### SOURCE MATERIAL

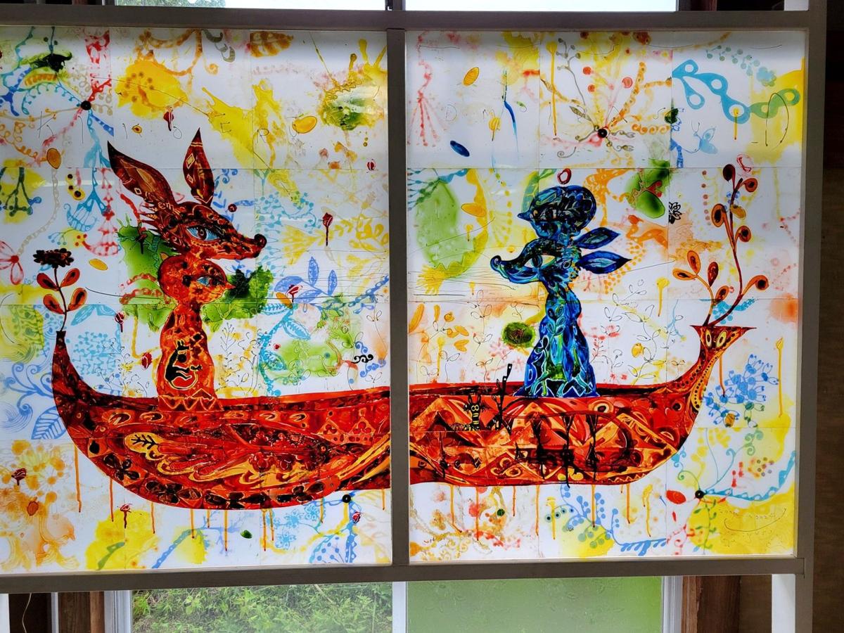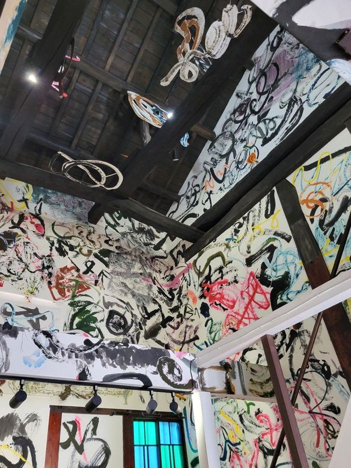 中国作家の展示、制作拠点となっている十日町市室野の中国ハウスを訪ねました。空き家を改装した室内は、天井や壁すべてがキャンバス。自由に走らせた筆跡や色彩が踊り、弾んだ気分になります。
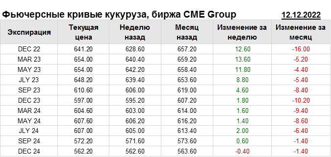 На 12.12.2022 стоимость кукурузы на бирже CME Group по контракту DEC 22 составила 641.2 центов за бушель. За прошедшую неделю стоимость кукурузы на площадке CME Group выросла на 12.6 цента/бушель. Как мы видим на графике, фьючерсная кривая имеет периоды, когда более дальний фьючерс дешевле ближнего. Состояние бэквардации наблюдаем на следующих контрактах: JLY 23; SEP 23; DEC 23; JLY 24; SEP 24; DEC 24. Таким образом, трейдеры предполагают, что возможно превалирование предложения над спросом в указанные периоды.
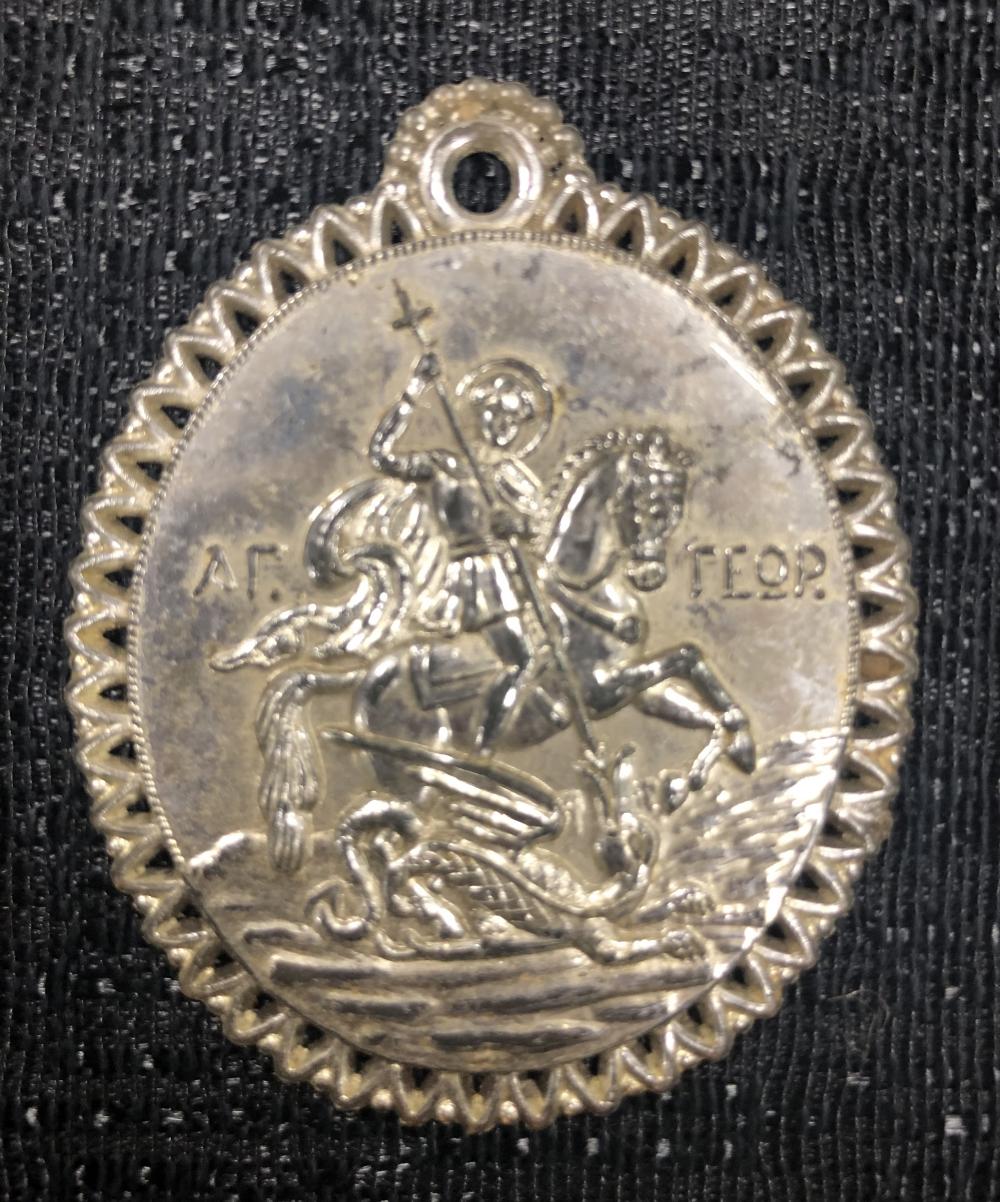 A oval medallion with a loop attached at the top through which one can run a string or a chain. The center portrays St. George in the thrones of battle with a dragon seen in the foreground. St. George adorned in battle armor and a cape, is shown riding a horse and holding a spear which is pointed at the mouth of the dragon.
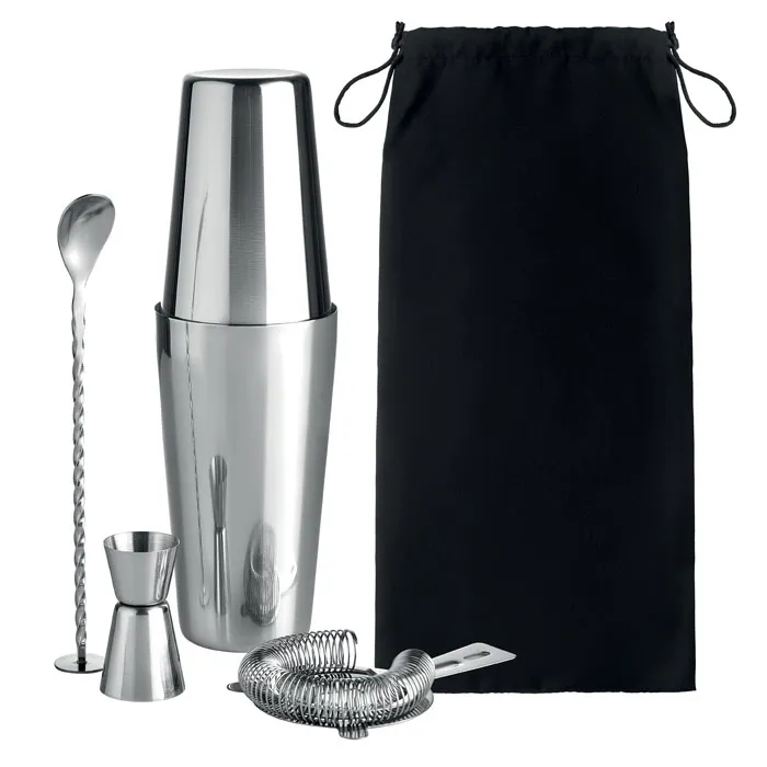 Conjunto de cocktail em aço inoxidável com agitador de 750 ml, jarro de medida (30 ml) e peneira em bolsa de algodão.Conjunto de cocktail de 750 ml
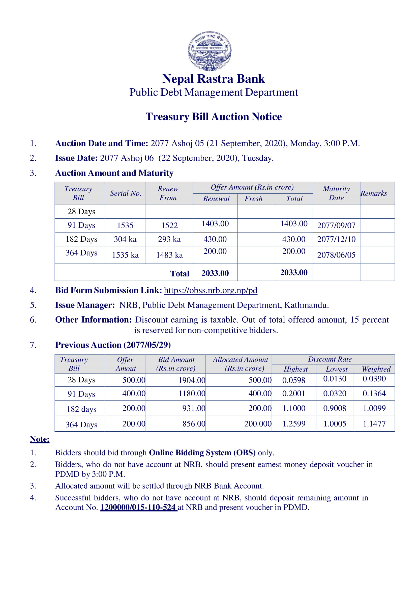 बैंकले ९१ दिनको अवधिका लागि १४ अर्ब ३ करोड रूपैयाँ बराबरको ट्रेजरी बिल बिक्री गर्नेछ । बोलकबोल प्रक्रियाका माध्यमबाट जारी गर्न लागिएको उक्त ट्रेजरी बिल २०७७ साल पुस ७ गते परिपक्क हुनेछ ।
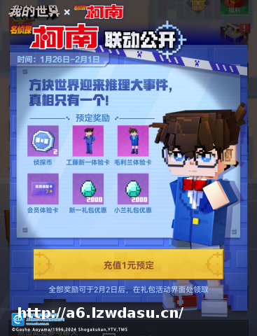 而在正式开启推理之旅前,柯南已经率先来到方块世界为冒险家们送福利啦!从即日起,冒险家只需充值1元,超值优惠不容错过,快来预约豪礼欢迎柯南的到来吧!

######

**REQUIRED ACTION**. Output the records above exactly, omitting the pictures.

**YOUR SOLUTION**.
 中国作家の展示、制作拠点となっている十日町市室野の中国ハウスを訪ねました。空き家を改装した室内は、天井や壁すべてがキャンバス。自由に走らせた筆跡や色彩が踊り、弾んだ気分になります。
 На 12.12.2022 стоимость кукурузы на бирже CME Group по контракту DEC 22 составила 641.2 центов за бушель. За прошедшую неделю стоимость кукурузы на площадке CME Group выросла на 12.6 цента/бушель. Как мы видим на графике, фьючерсная кривая имеет периоды, когда более дальний фьючерс дешевле ближнего. Состояние бэквардации наблюдаем на следующих контрактах: JLY 23; SEP 23; DEC 23; JLY 24; SEP 24; DEC 24. Таким образом, трейдеры предполагают, что возможно превалирование предложения над спросом в указанные периоды.
 A oval medallion with a loop attached at the top through which one can run a string or a chain. The center portrays St. George in the thrones of battle with a dragon seen in the foreground. St. George adorned in battle armor and a cape, is shown riding a horse and holding a spear which is pointed at the mouth of the dragon.
 Conjunto de cocktail em aço inoxidável com agitador de 750 ml, jarro de medida (30 ml) e peneira em bolsa de algodão.Conjunto de cocktail de 750 ml
 बैंकले ९१ दिनको अवधिका लागि १४ अर्ब ३ करोड रूपैयाँ बराबरको ट्रेजरी बिल बिक्री गर्नेछ । बोलकबोल प्रक्रियाका माध्यमबाट जारी गर्न लागिएको उक्त ट्रेजरी बिल २०७७ साल पुस ७ गते परिपक्क हुनेछ ।
 而在正式开启推理之旅前,柯南已经率先来到方块世界为冒险家们送福利啦!从即日起,冒险家只需充值1元,超值优惠不容错过,快来预约豪礼欢迎柯南的到来吧!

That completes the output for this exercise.